Evaluation of cytogenetic response was based on routine cytogenetic studies. Cytogenetic studies were performed every 3 months in the first year and every 3–6 months thereafter. Pretreatment additional chromosomal abnormalities referred to the presence of cytogenetic abnormalities other than Ph (excluding Ph variants, complex Ph translocations, and loss of chromosome Y). Response rates were computed on an intention-to-treated basis. Survival was analyzed from the date therapy started until death from any cause. Differences in survival curves were compared using the log-rank test. Statistical methods and multivariate analysis studies were conducted as described previously.13, 15 Multivariate analyses used the logistic regression model for response and the Cox proportional hazards model for survival. Variables that demonstrated significant differences in the univariate analysis (P < 0.05) were included in the multivariate analyses.

RESULTS

  1. Top of page
  2. Abstract
  3. MATERIALS AND METHODS
  4. RESULTS
  5. DISCUSSION
  6. REFERENCES

A total of 747 patients with CML were analyzed: 187 patients in early chronic phase, 351 patients in chronic phase after IFN failure, 133 patients in accelerated phase, and 76 patients in blastic phase (Table 1).

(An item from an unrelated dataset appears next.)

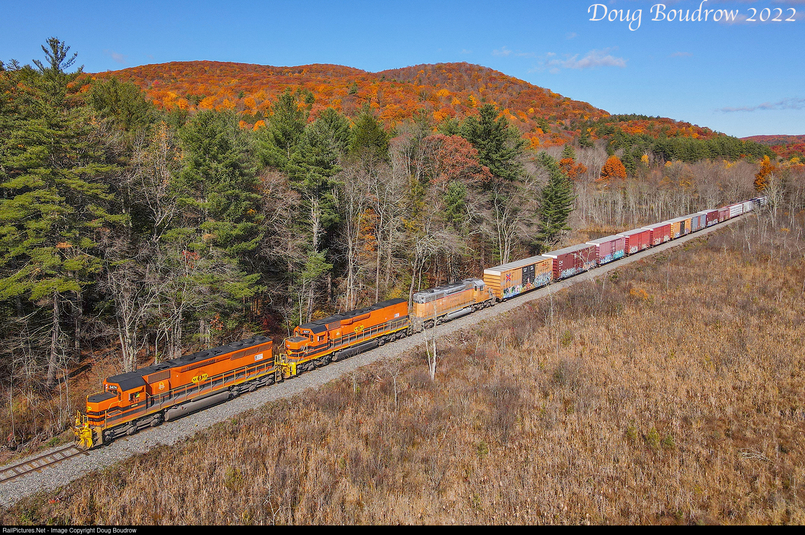 On a perfect Autumn day, New England Central 611 is seen heading South through Leverett, MA, and passing the 1,269-foot Mount Toby which is still showing some peak foliage. The lead locomotive is NECR 3474 which was built in January 1969 as an SD45 for the Chicago, Burlington and Quincy. Although still sporting the classic carbody and flared radiators its rebuild classification is an SD40M-2.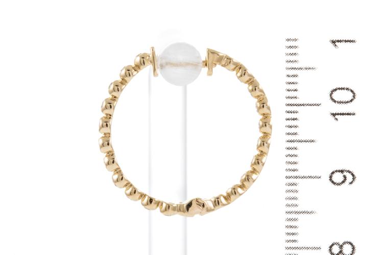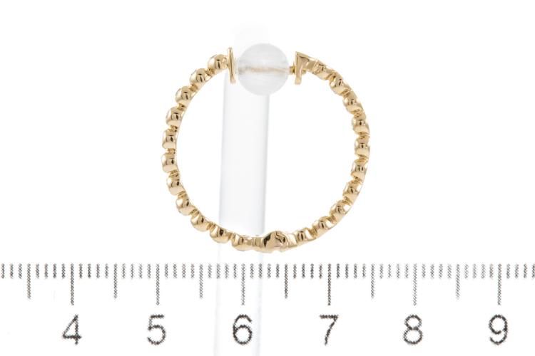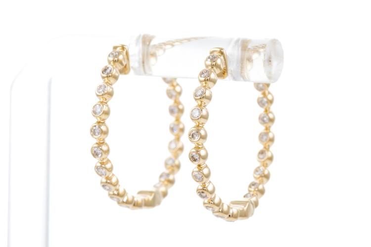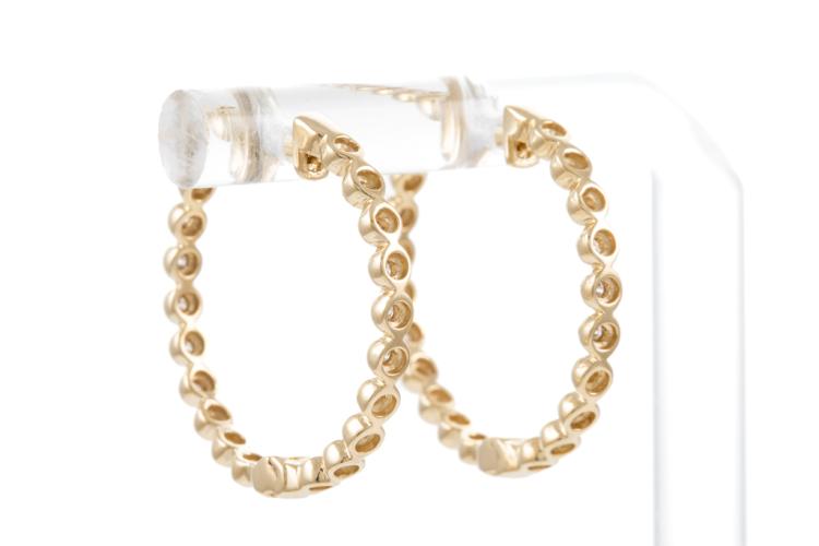Diamond hoop earrings with 42 round Diamonds totalling 0.49cts (Estimated grading: H-I SI). Back of the hoop has the Diamonds set inside the hoop. 14ct yellow gold. Width: 24.0mm. Length: 24.0mm. Weight: 4.1g. (New)

We chose the cut-off age of 60 years in subsequent analyses for several reasons: 1) this was the cut-off age that was identified as prognostically relevant in previous multivariate analysis studies of CML prognosis at our institution; 2) these patients mostly are ineligible for allogeneic SCT and are offered non-SCT approaches to improve their prognosis; and 3) they have historically tolerated IFN therapy poorly9 and/or were not offered IFN therapy, hence, it is not known whether their poor prognosis is related to a different intrinsic disease biology or to ineffective, poorly tolerated therapy.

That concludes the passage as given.